Je crois que nous devons confirmer l’urgente nécessité de revenir au système conventionnel en vigueur en matière de délais de paiement dans le secteur du livre.
Grâce à une politique de soutien de la filière du livre qui ne s’est pas démentie au cours du temps et dont la loi de 1981 sur le prix unique marque une étape importante, notre pays peut s’enorgueillir de la vitalité de sa filière du livre. La création éditoriale est riche et diverse, et le réseau de diffusion du livre très dense.
Cependant, la fragilité économique du secteur est réelle, en particulier s’agissant des librairies indépendantes et des imprimeurs, et il nous faut veiller à ne pas déstabiliser l’équilibre difficilement trouvé par une mesure générale inopportune.
C’est pourquoi, sur ma proposition, la commission a adopté conforme le texte voté par nos collègues députés et a soutenu l’inscription de cette proposition de loi à l’ordre du jour du Sénat dans des délais très brefs.
Je tiens à le préciser, je me suis interrogée sur le fait que le texte proposé n’était pas codifié, alors que tel était le cas dans la proposition de loi initiale. Mais l’urgence du sujet pour la filière du livre m’a conduite à écarter cet inconvénient lié à la moindre lisibilité de la loi.
De même ai-je levé, dans mon rapport, ce qui pouvait apparaître comme une légère ambiguïté rédactionnelle.
En tout état de cause, l’exception culturelle justifie un traitement spécifique.

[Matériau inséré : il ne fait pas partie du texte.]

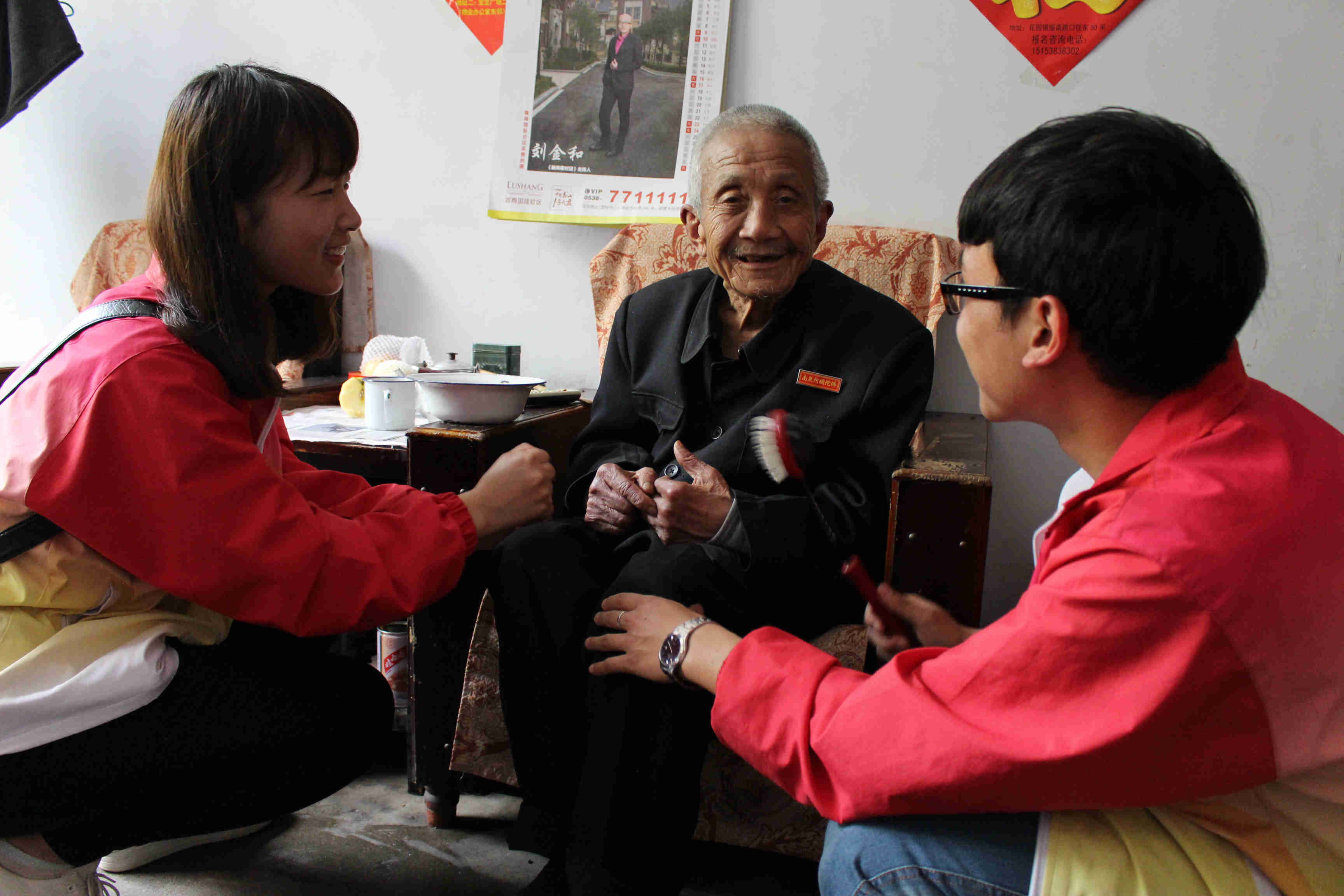 同学们在敬老院负责人的指导下,分工合作,有条不紊的展开各自的工作,有人帮老人晒被子、洗衣服,有人帮老人收拾宿舍,有人扶老人来到院子里晒太阳,还有人给老人捏肩捶腿。交谈中,同学们感受到老人们对老有所养非常的满意,对党和国家的感谢之情无以言表。

Il y va aussi de l’aménagement culturel de notre territoire et de la démocratisation de l’accès à la culture, dans toute sa diversité.
Certes, ce texte ne réglera pas tous les problèmes liés aux relations entre les entreprises du secteur. Aussi paraîtrait-il utile à la commission de réfléchir à la pertinence d’une proposition que nous avions – avec d’autres – avancée, dans notre rapport d’information du 26 septembre 2007 sur le secteur de l’édition, concernant l’éventuelle création d’un médiateur du livre.
Par ailleurs, il est urgent d’adopter des mesures de nature à réduire les mises au pilon, dont le taux, qui se situe entre 22 % et 23 %, est bien trop élevé.